Department of Pharmaceutics and Pharmaceutical Chemistry, University of Utah, Salt Lake City, Utah, USA.

出版信息

Pharm Res. 2015 Apr;32(4):1395-406. doi: 10.1007/s11095-014-1542-9. Epub 2014 Oct 18.

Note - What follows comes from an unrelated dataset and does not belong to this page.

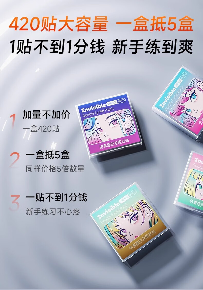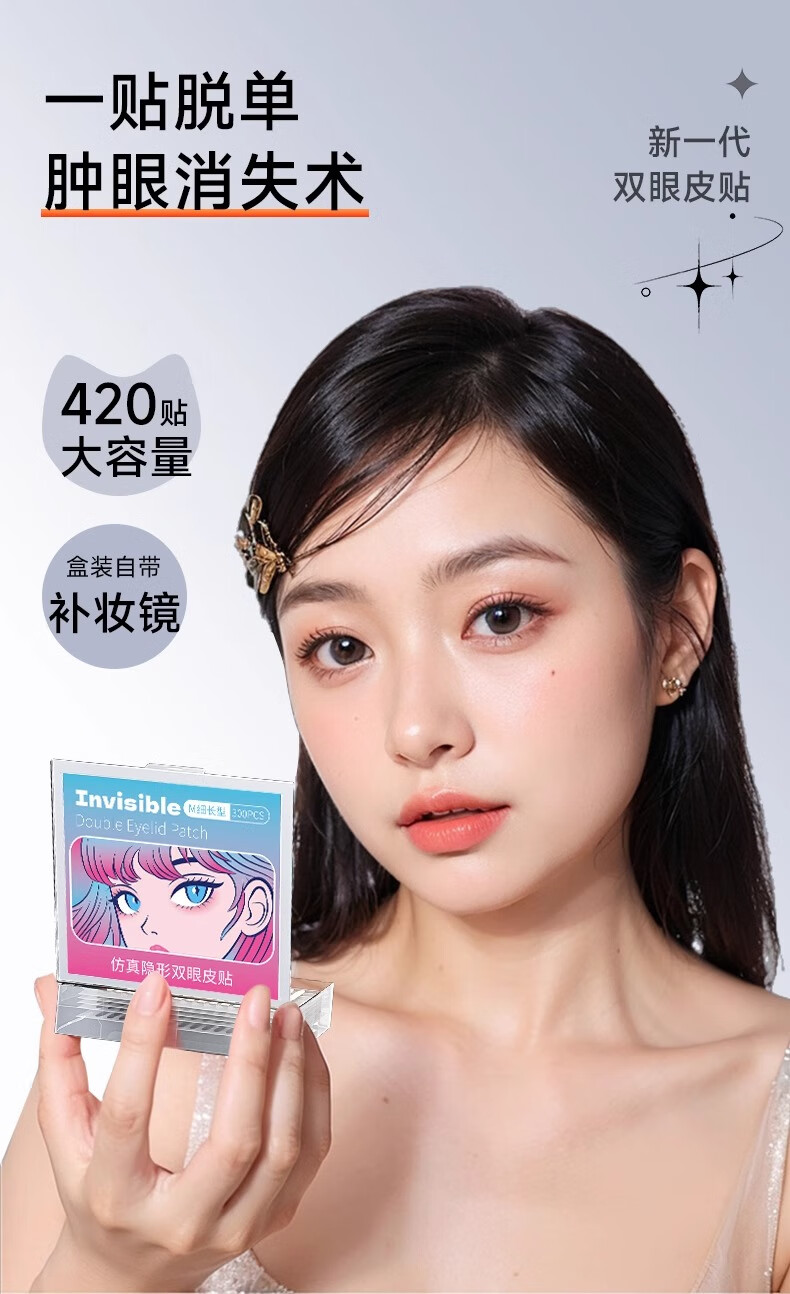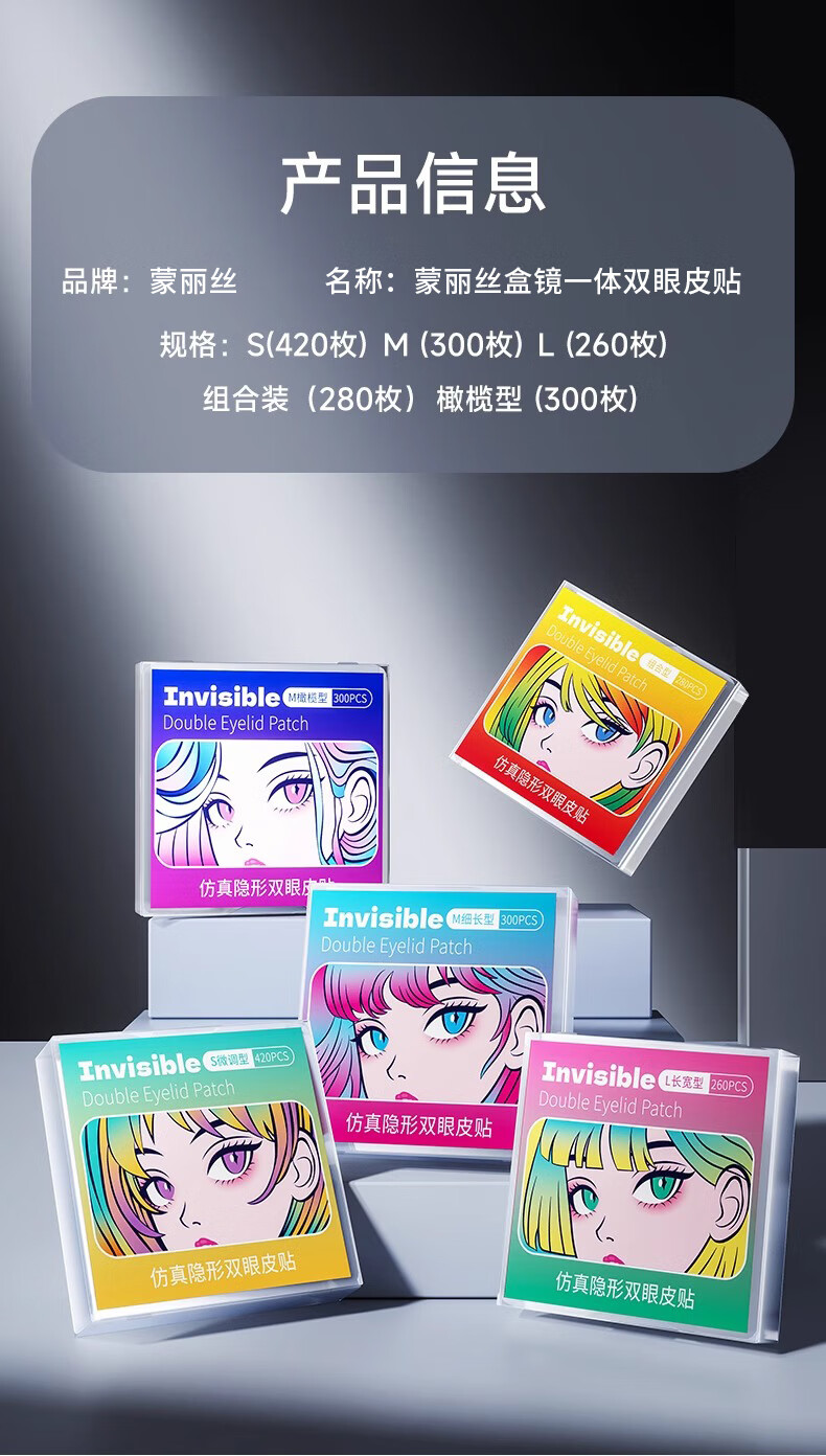 Menglisi 2025 new style dust-proof double eyelid patch with mirror, inner double eyelid patch for swollen eyes, natural, traceless, breathable inner double positioning patch, S-fine adjustment type - (inner double eyelid adjustment) 420 patches
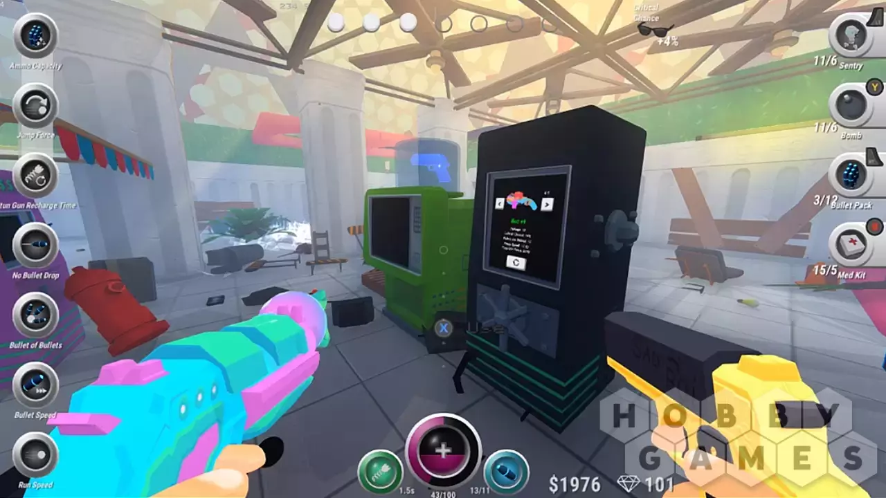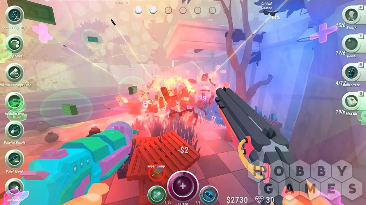 You can buy a plethora of different upgrades to increase your powers. All upgrades work simultaneously and stack with each other. e.g. if you got Multiply Bombs and Bomb Bullets, you're gonna throw multiple bombs and each of them will explode into bullets.

DOI:10.1007/s11095-014-1542-9
PMID:25330743
原文链接:https://pmc.ncbi.nlm.nih.gov/articles/PMC4359075/
Abstract

PURPOSE

O(2)-(2,4-dinitrophenyl)1-[(4-ethoxycarbonyl)piperazin-1-yl]diazen-1-ium-1,2-diolate] or JS-K is a nitric oxide-producing prodrug of the arylated diazeniumdiolate class with promising anti-tumor activity. JS-K has challenging solubility and stability properties. We aimed to characterize and compare Pluronic(®) P123-formulated JS-K (P123/JS-K) with free JS-K.

METHODS

We determined micelle size, shape, and critical micelle concentration of Pluronic(®) P123. Efficacy was evaluated in vitro using HL-60 and U937 cells and in vivo in a xenograft in NOD/SCID IL2Rγ (null) mice using HL-60 cells. We compared JS-K and P123/JS-K stability in different media. We also compared plasma protein binding of JS-K and P123/JS-K. We determined the binding and Stern Volmer constants, and thermodynamic parameters.

RESULTS

Spherical P123/JS-K micelles were smaller than blank P123. P123/JS-K formulation was more stable in buffered saline, whole blood, plasma and RPMI media as compared to free JS-K. P123 affected the protein binding properties of JS-K. In vitro it was as efficacious as JS-K alone when tested in HL-60 and U937 cells and in vivo greater tumor regression was observed for P123/JS-K treated NOD/SCID IL2Rγ (null) mice when compared to free JS-K-treated NOD/SCID IL2Rγ (null) mice.

CONCLUSIONS

Pluronic(®) P123 solubilizes, stabilizes and affects the protein binding characteristics of JS-K. P123/JS-K showed more in vivo anti-tumor activity than free JS-K.

摘要

目的

O(2)-(2,4-二硝基苯基)1-[(4-乙氧羰基)哌嗪-1-基]重氮-1,2-二醇盐(即JS-K)是一种具有前景的抗肿瘤活性的芳基重氮二醇盐类一氧化氮供体前药。JS-K具有挑战性的溶解性和稳定性。我们旨在对普朗尼克(®)P123配制的JS-K(P123/JS-K)与游离JS-K进行表征和比较。

方法

我们测定了普朗尼克(®)P123的胶束大小、形状和临界胶束浓度。使用HL-60和U937细胞在体外评估疗效,并在NOD/SCID IL2Rγ(缺失)小鼠中使用HL-60细胞进行体内异种移植实验来评估疗效。我们比较了JS-K和P123/JS-K在不同介质中的稳定性。我们还比较了JS-K和P123/JS-K的血浆蛋白结合情况。我们测定了结合常数和斯特恩-沃尔默常数以及热力学参数。

结果

球形的P123/JS-K胶束比空白P123更小。与游离JS-K相比,P123/JS-K制剂在缓冲盐水、全血、血浆和RPMI培养基中更稳定。P123影响了JS-K的蛋白结合特性。在HL-60和U937细胞中进行体外测试时,它与单独的JS-K疗效相当,并且在体内,与游离JS-K处理的NOD/SCID IL2Rγ(缺失)小鼠相比,P123/JS-K处理的NOD/SCID IL2Rγ(缺失)小鼠观察到更大程度的肿瘤消退。

结论

普朗尼克(®)P123使JS-K增溶、稳定并影响其蛋白结合特性。P123/JS-K在体内显示出比游离JS-K更强的抗肿瘤活性。